Ever since the companies are required to expense employee stock options, more companies started to grant the employees Restricted Stock Units (RSUs) instead of stock options. The first batch of RSUs I received will vest shortly. Unlike non-qualified stock options which are taxed at the time of option exercise, RSUs are taxed at the time of vesting. Our stock plan administrator has asked me to choose how I want to pay for the tax withholding when my RSUs vest. I have 3 choices:
1. Same Day Sale. This is the simplest. On the vesting date, I sell everything. After subtracting for tax withholding, I end up with net cash.
2. Sell to Cover. If I choose this option, they will sell just enough shares to cover the tax withholding. I keep the remaining shares and I can sell them myself whenever I want to.
3. Cash Transfer. For this option I will have to come up with cash myself to cover the tax. After that I have all the shares and I can sell them whenever I want to.

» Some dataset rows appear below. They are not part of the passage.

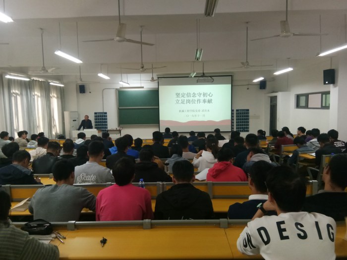 根据校党委“不忘初心、牢记使命”主题教育部署要求,11月1日下午,机械工程学院党委书记武有水在天工北214教室,为全体党员作了一场题为“坚定信念守初心 、立足岗位作奉献”的主题教育专题党课报告。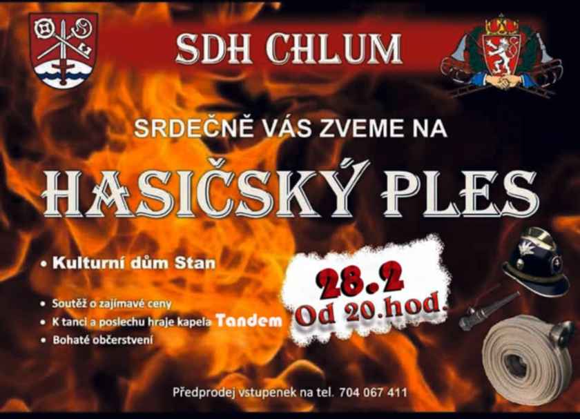 Ples 2026 KD Stan Kdy: 28. 2. 2026 19:00 – 1. 3. 2026 05:00 Kraj: Pardubický Typ akce: kulturní Zpět na kalendář 28.2.2026 Hasičský ples KD Stan, kapela Tandem Zobrazit mapu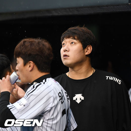 7일 오후 서울 잠실구장에서 '2017 타이어뱅크 KBO 리그' LG 트윈스와 한화 이글스의 경기가 열릴 예정인 가운데 경기 시작 전 빗줄기가 굵어지면서 경기가 지연되고 있다. LG 류제국이 덕아웃에서 내리는 빗방울을 바라보며 손을 내밀고 있다. / rumi@osen.co.kr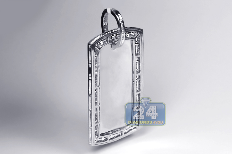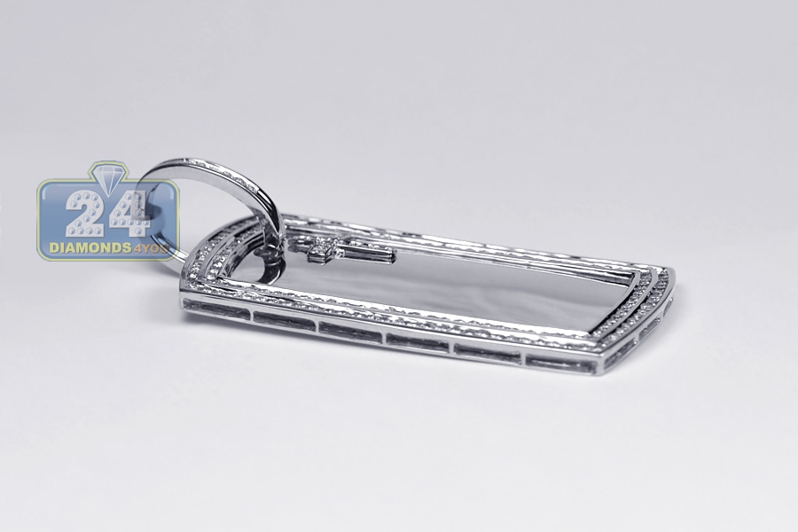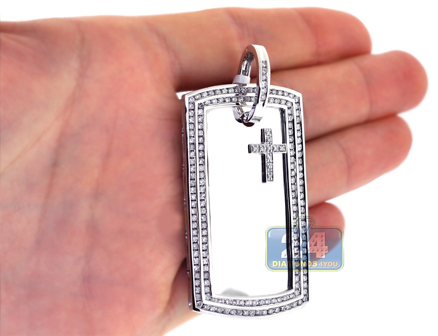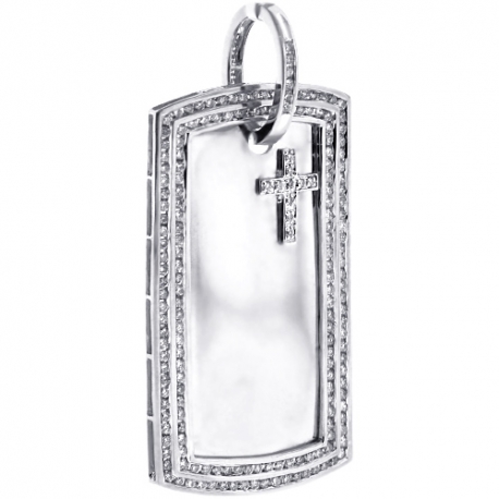 10K White Gold 3.03 ct Diamond Dog Tag Mens ID Style Pendant

Which should I choose? Let’s use an example and see the math. Suppose I will have 100 shares vested; the price on the vesting date is $50; and the tax withholding is 40%.
1. Same Day Sale. I will have $50 * 100 * (1 – 40%) = $3,000.
2. Sell to Cover. I will have 100 * (1 – 40%) = 60 shares and no cash.
3. Cash Transfer. I will be out $50 * 100 * 40% = $2,000 cash but I will keep 100 shares.
Option (2) Sell to Cover is equivalent to doing Option (1) Same Day Sale and immediately buying 60 shares with cash on the open market.
Option (3) Cash Transfer is equivalent to doing Option (1) Same Day Sale and immediately adding $2,000 from my own pocket and then buying 100 shares.
If I find my employer’s stock attractive, I can buy it at any time for however many shares I want. I don’t have to buy it on the RSU vesting date or buy those exact number of shares. So there is no advantage whatsoever for them to do it for me. This is a no-brainer. I chose Same Day Sale.